(Assignment):
Copy out nothing but the lines from the one holding "- พื้นป้ายสีเขียว อักษรสีขาว" through the end of the entries below, exactly as written and without the pictures.

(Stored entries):
::::::::

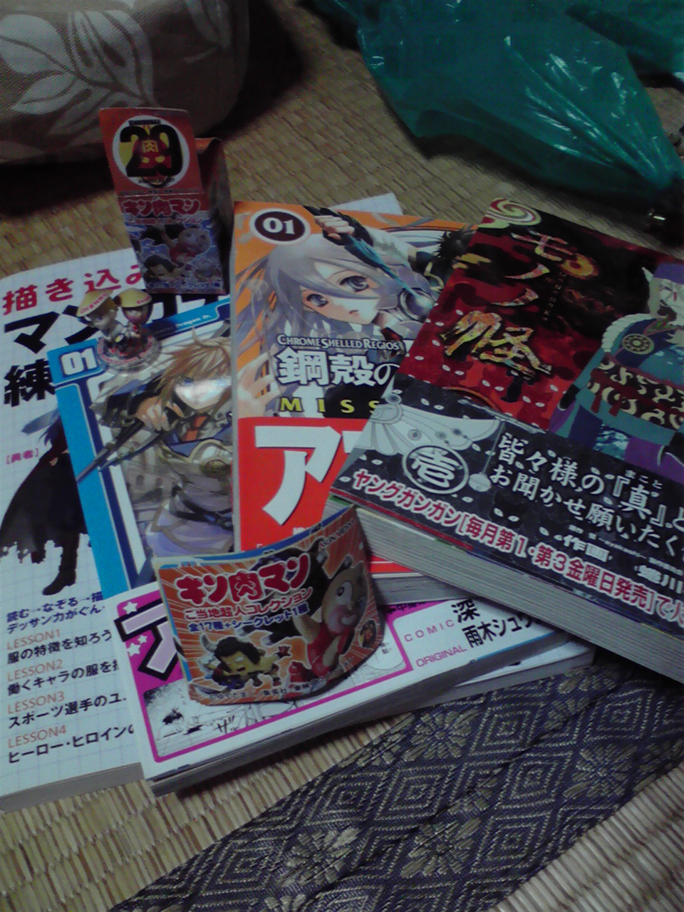 そして今日の収穫は、イラスト系統と漫画系統3冊。見たら・・・分かるかな?大体は分かると思う(一番前の本は直ぐ分かると思う)そしてコンビニよって弁当を買い、キン/肉/マンのご当地シリーズ的なものを購入・・・妹に選ばせるといい物が当たるんだぜ^^v
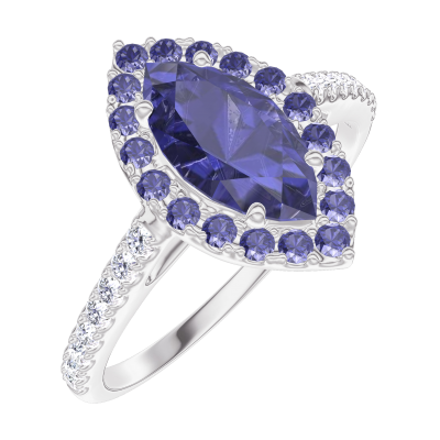 « L'ATELIER » NR 170856Pierścionek Białe złoto 375 - Niebieski szafir Markiza 0.5 karat - Korona z kamieni Niebieski szafir - Oprawa Diament
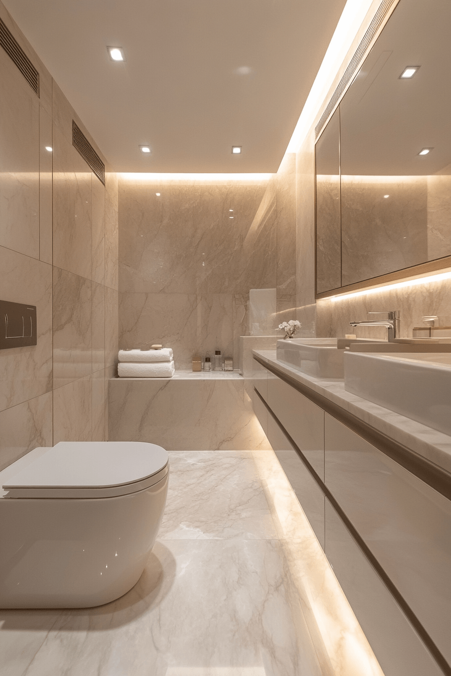 Classic marble elements create a timeless look that feels both luxurious and elegant. Reflective surfaces enhance small luxury bathroom layouts by brightening the room. Clean lines maintain a modern feel. Subtle veining adds visual interest. Minimal decor keeps everything balanced. The mood feels sophisticated and enduring. Embrace timeless marble style.
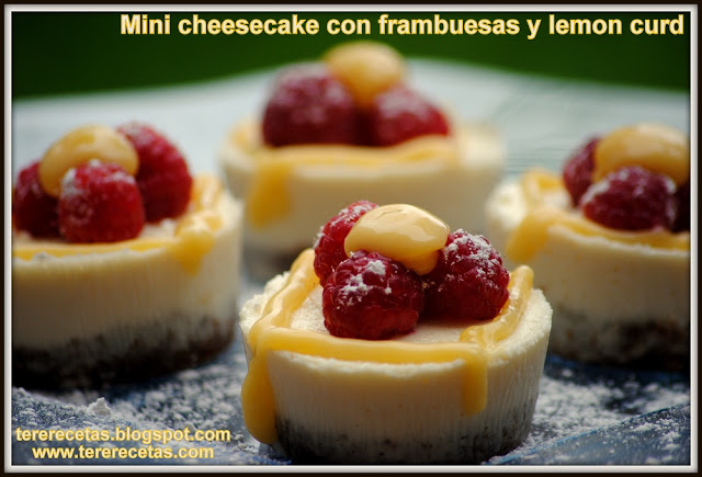 Mira la receta en: http://www.tererecetas.com/2013/05/minis-cheesecakes-con-frambuesas-y.html
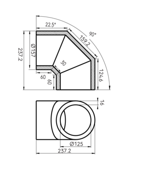 - Bochthoek: 90 °
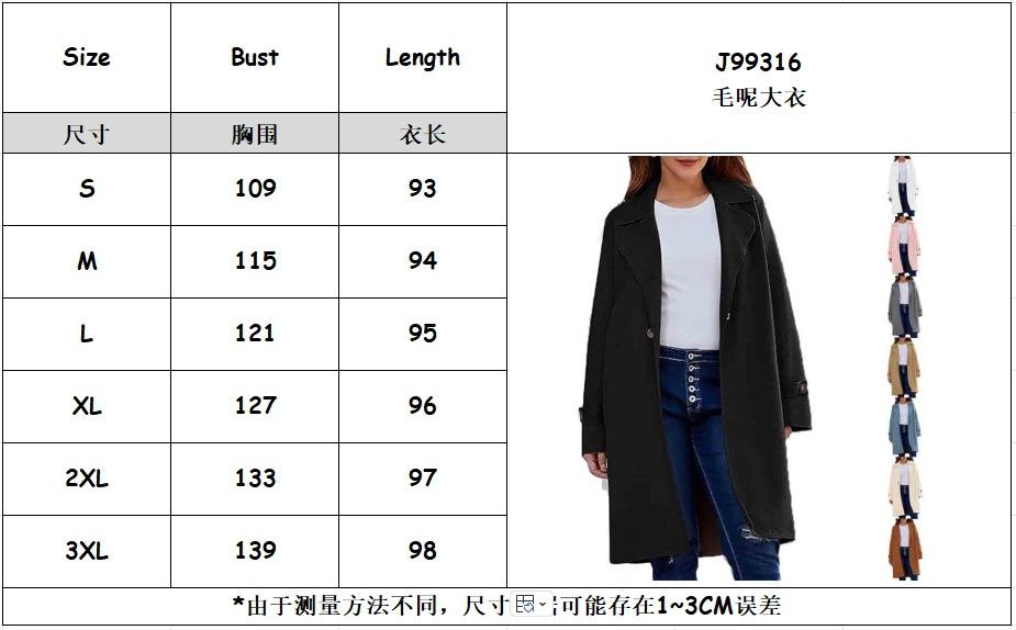 Abrigo de lana personalizado para mujer, estilo europeo y americano, para otoño e invierno, de manga larga, color liso, cruzado, alargado, para comercio exterior transfronterizo.
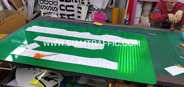 - พื้นป้ายสีเขียว อักษรสีขาว
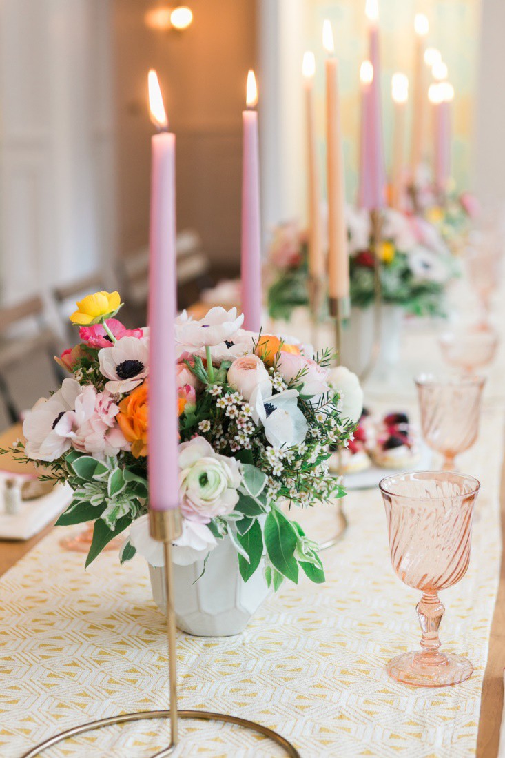 Mỗi chiếc lọ thủy tinh nhỏ xinh này chỉ cần cắm 1-2 bông hồng chúm chím và gom chung lại trên mặt bàn thế này là khiến bàn ăn của gia đình bạn muôn phần xinh xắn hơn.
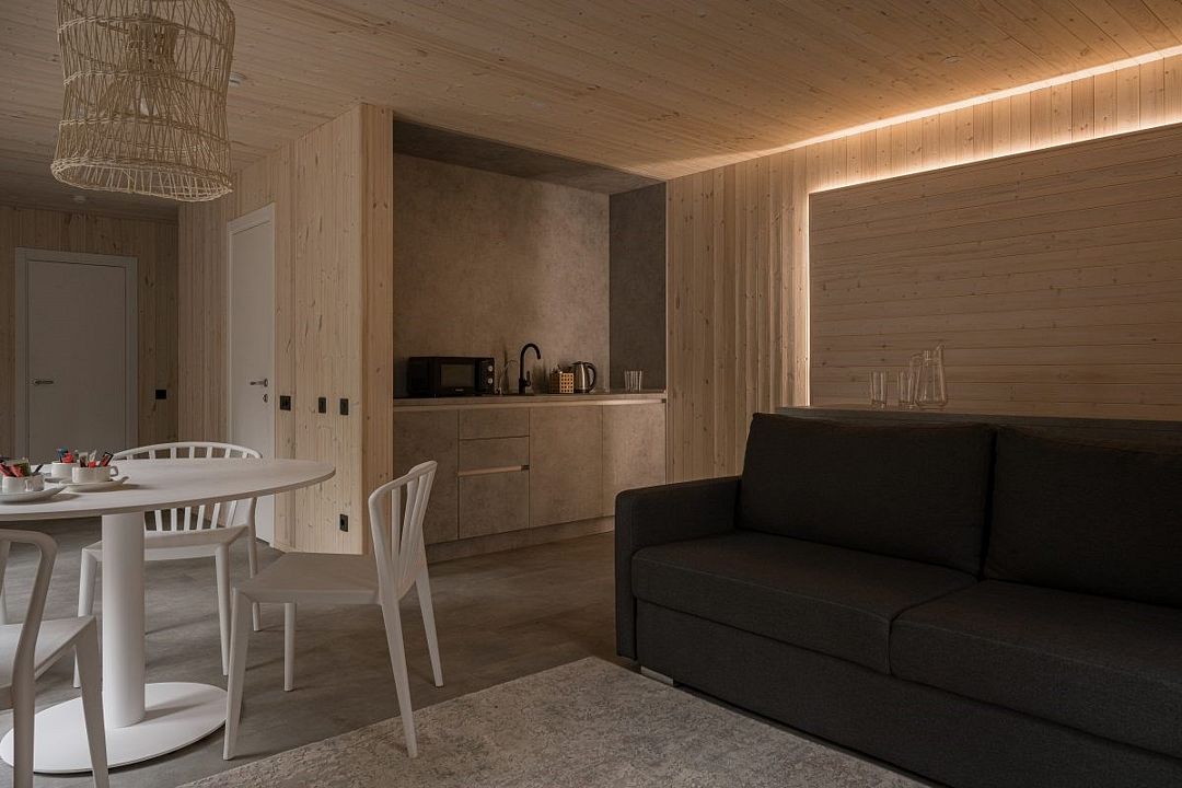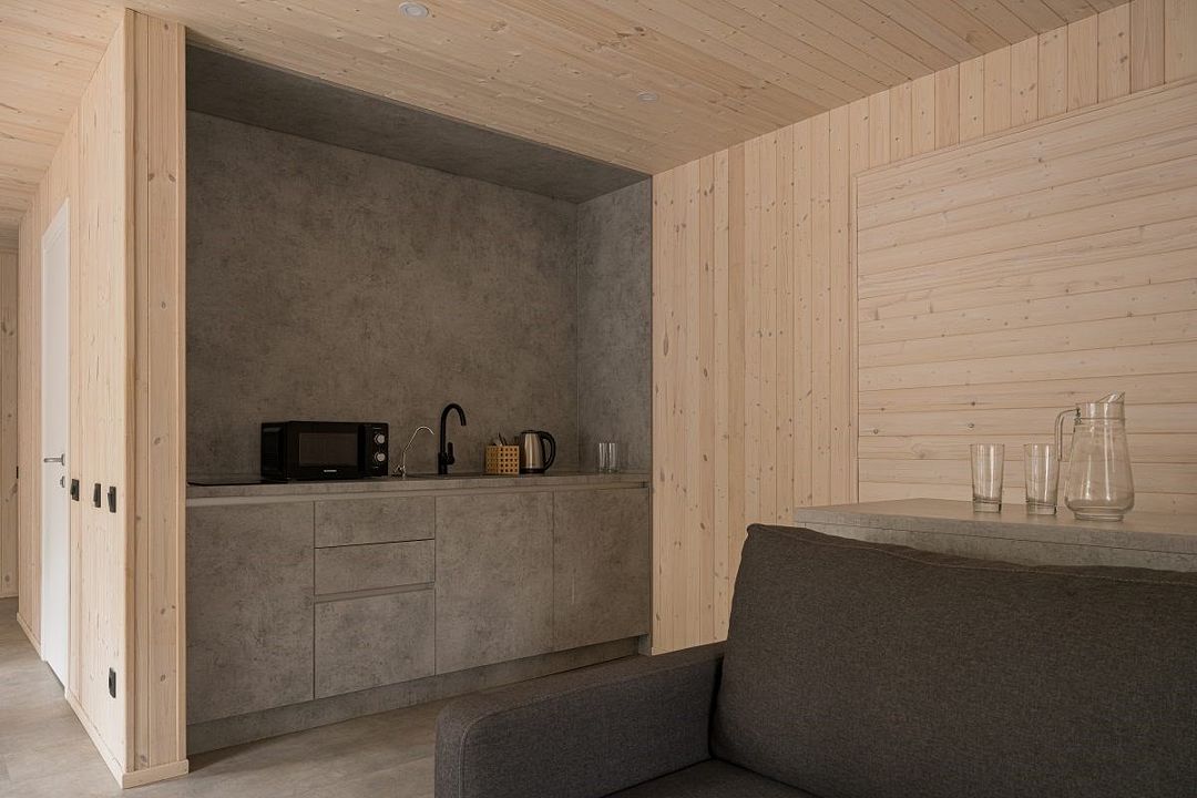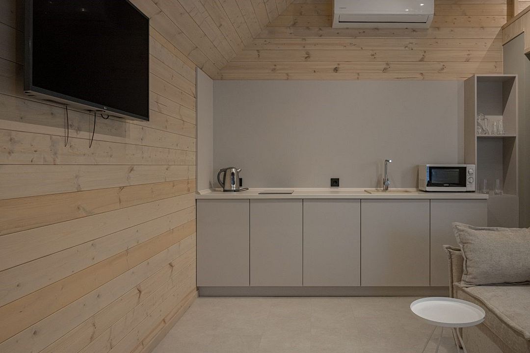 Гостиничный комплекс представляет предлагает разнообразные варианты размещения — от простых номеров с базовым уровнем удобств до роскошных апартаментов с собственной кухней, домов-контейнеров и коттеджей.
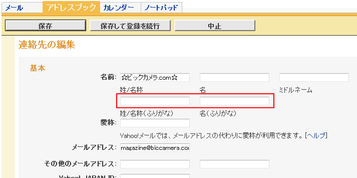 以前、「姓」だけでも・・・とお話したのですが、アドレスブックの登録すすが増えると探すのが大変なので、できれば昇順で並んでほしいという意味で「姓/名称(ふりがな)」も入れてあげて下さい。
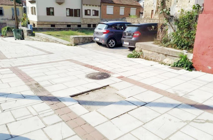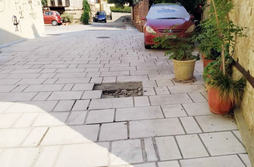 Παρά το γεγονός ότι πριν λίγους μήνες ο δήμος επιδιόρθωσε το πλακόστρωτο λίγα μέτρα παρακάτω στην είσοδο της Κυριώτισσας, δεν φρόντισαν να καλύψουν τις πλάκες που λείπουν από την οδό Ξενοπούλου. Κοντά στην εκκλησία του Αγ. Βλασίου υπάρχουν όμορφα διακοσμητικά «μωσαϊκά» από τα οποία έχουν αποκολληθεί βότσαλα και καταστρέφονται.
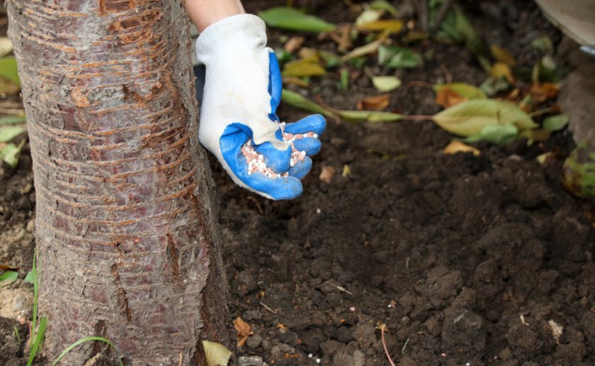 Осенние подкормки являются корневыми, когда питательные вещества вносят в приствольный круг. Жидкие удобрения оптимальны для молодых деревьев. Сухие подкормки удачно растворяются осадками. Препарат необходимо рассыпать по диаметру кроны, отступив от ствола около 50 см, и перекопать почву на глубину 10–15 см. Земля в это время должна быть влажной, поэтому, если не было дождя, может понадобиться полив.
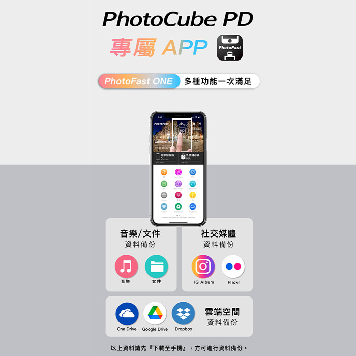 步驟1.請移除app,重新下載安裝『PhotoFast ONE』app,安裝完之後先”不要"開啟app。

::::::::

(Answer for the task):
 - พื้นป้ายสีเขียว อักษรสีขาว
 Mỗi chiếc lọ thủy tinh nhỏ xinh này chỉ cần cắm 1-2 bông hồng chúm chím và gom chung lại trên mặt bàn thế này là khiến bàn ăn của gia đình bạn muôn phần xinh xắn hơn.
 Гостиничный комплекс представляет предлагает разнообразные варианты размещения — от простых номеров с базовым уровнем удобств до роскошных апартаментов с собственной кухней, домов-контейнеров и коттеджей.
 以前、「姓」だけでも・・・とお話したのですが、アドレスブックの登録すすが増えると探すのが大変なので、できれば昇順で並んでほしいという意味で「姓/名称(ふりがな)」も入れてあげて下さい。
 Παρά το γεγονός ότι πριν λίγους μήνες ο δήμος επιδιόρθωσε το πλακόστρωτο λίγα μέτρα παρακάτω στην είσοδο της Κυριώτισσας, δεν φρόντισαν να καλύψουν τις πλάκες που λείπουν από την οδό Ξενοπούλου. Κοντά στην εκκλησία του Αγ. Βλασίου υπάρχουν όμορφα διακοσμητικά «μωσαϊκά» από τα οποία έχουν αποκολληθεί βότσαλα και καταστρέφονται.
 Осенние подкормки являются корневыми, когда питательные вещества вносят в приствольный круг. Жидкие удобрения оптимальны для молодых деревьев. Сухие подкормки удачно растворяются осадками. Препарат необходимо рассыпать по диаметру кроны, отступив от ствола около 50 см, и перекопать почву на глубину 10–15 см. Земля в это время должна быть влажной, поэтому, если не было дождя, может понадобиться полив.
 步驟1.請移除app,重新下載安裝『PhotoFast ONE』app,安裝完之後先”不要"開啟app。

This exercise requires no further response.